My hair grew back, my bones healed, and after about a year one could not tell from the outside that I had ever had an accident.  I must have been told a million times how lucky I was but for the next twelve years, I felt like the unluckiest person in the world.  Of course I remember pain now and for that matter fear.  Chronic pain started slowly and I thought for sure that a neurologist could take away my now invisible pain.  I had brain surgery and survived, surely this was just a bump in the road.  This was not a bump, this was a never ending mountain I was facing.  After the first neurologist put me on medications I hated and that did not relieve my pain at all, we tried another neurologist and then another and so on.  After I had seen a handful of neurologists, we tried every specialist you can imagine: allergists, chiropractors, natropaths, massage therapists, various surgeons who promised to cure my pain by cutting off nerve endings from my face.  I traveled to many different cities including Denver, Colorado in hopes of pain relief.  I spent over ten years traveling to some of the most amazing places in the world that gave me no enjoyment, just more pain and sadness.  The final destination was Rochester, MN where I spent about three months.  It was there that I learned how to accept chronic pain and learned how to mange it without a cure, treatments, or medications.  I never thought I would say that the small city of Rochester, MN is where my life began again.  However, life as I had once known it has never been the same.

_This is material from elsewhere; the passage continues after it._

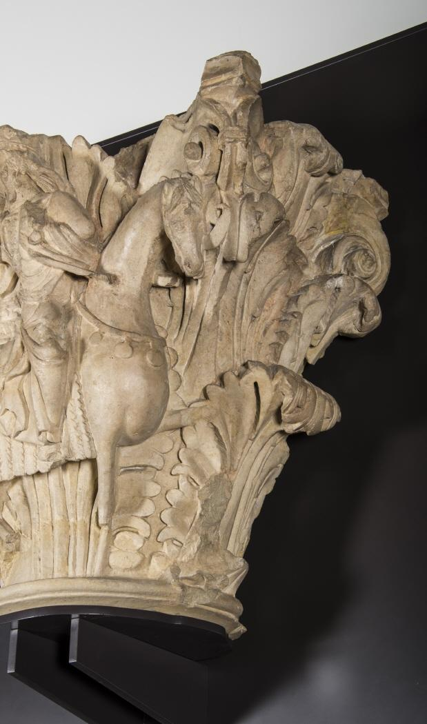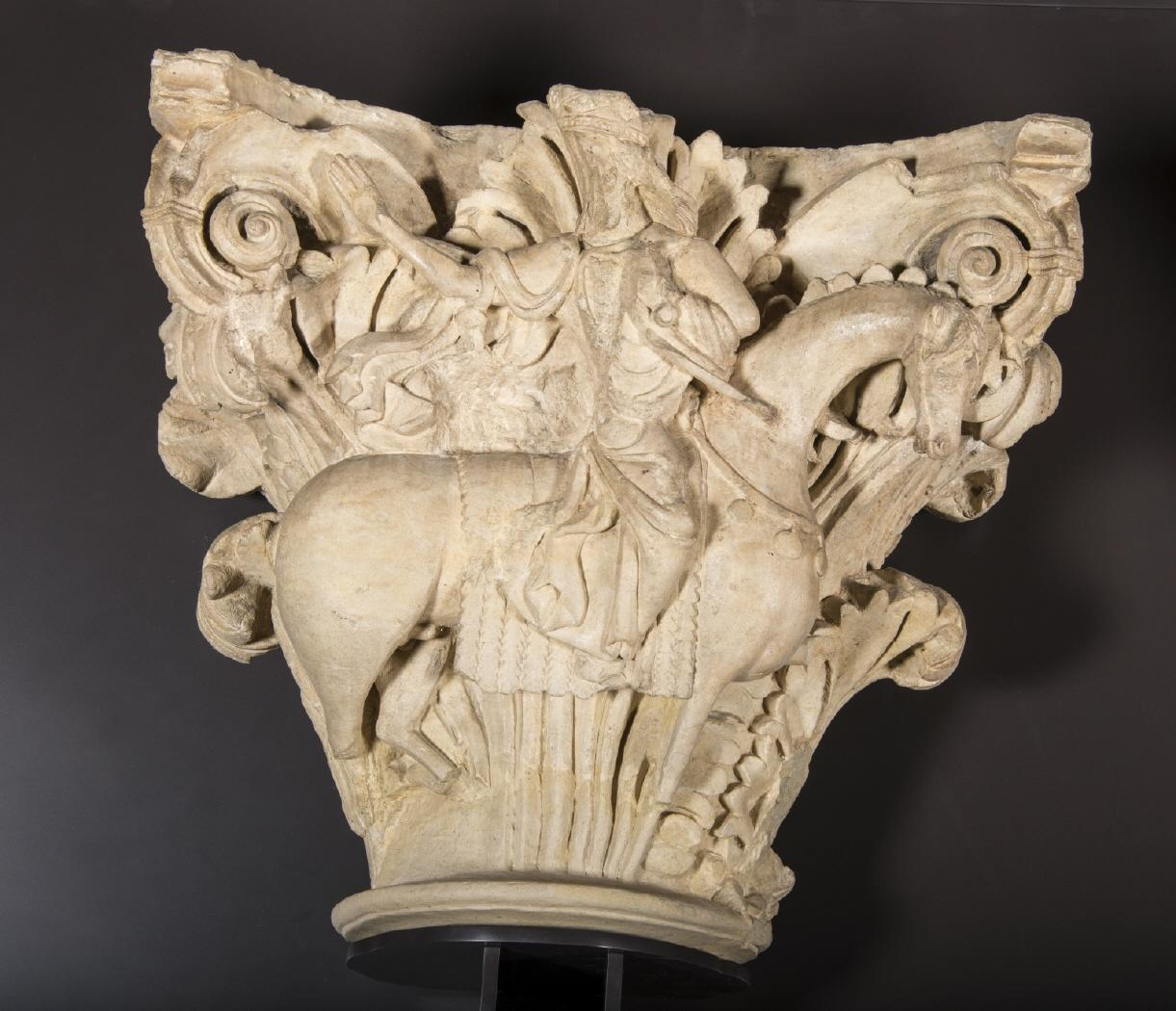 Capitel sencillo con caballero victorioso a caballo

I have written this a few times before but for anyone who does not have chronic pain, please read the following if you have a loved one with this invisible illness.  Brain surgery was a walk in the park compared to a life with chronic pain.  I would have brain surgery every year if it meant that I never had this invisible illness.  I did spend a huge portion of my life traveling around the country for a cure to chronic pain and I will never regret my decision to accept chronic pain and manage it naturally.   However, I still have chronic pain but chronic pain does not control my life.  I have had to change and adjust how I live my life to a degree a person without chronic pain cannot fathom but given my invisible illness, I would not have it any other way.  My travels now come within myself.  I do not need to drive or fly to a different place in hopes to find relief.  My travels are at times more difficult now because I must travel within my own mind and body to control my pain.  My travels with chronic pain will probably never end but the commute is a lot shorter. The journey with chronic pain does not ever end, one just has to find a route that is best for them.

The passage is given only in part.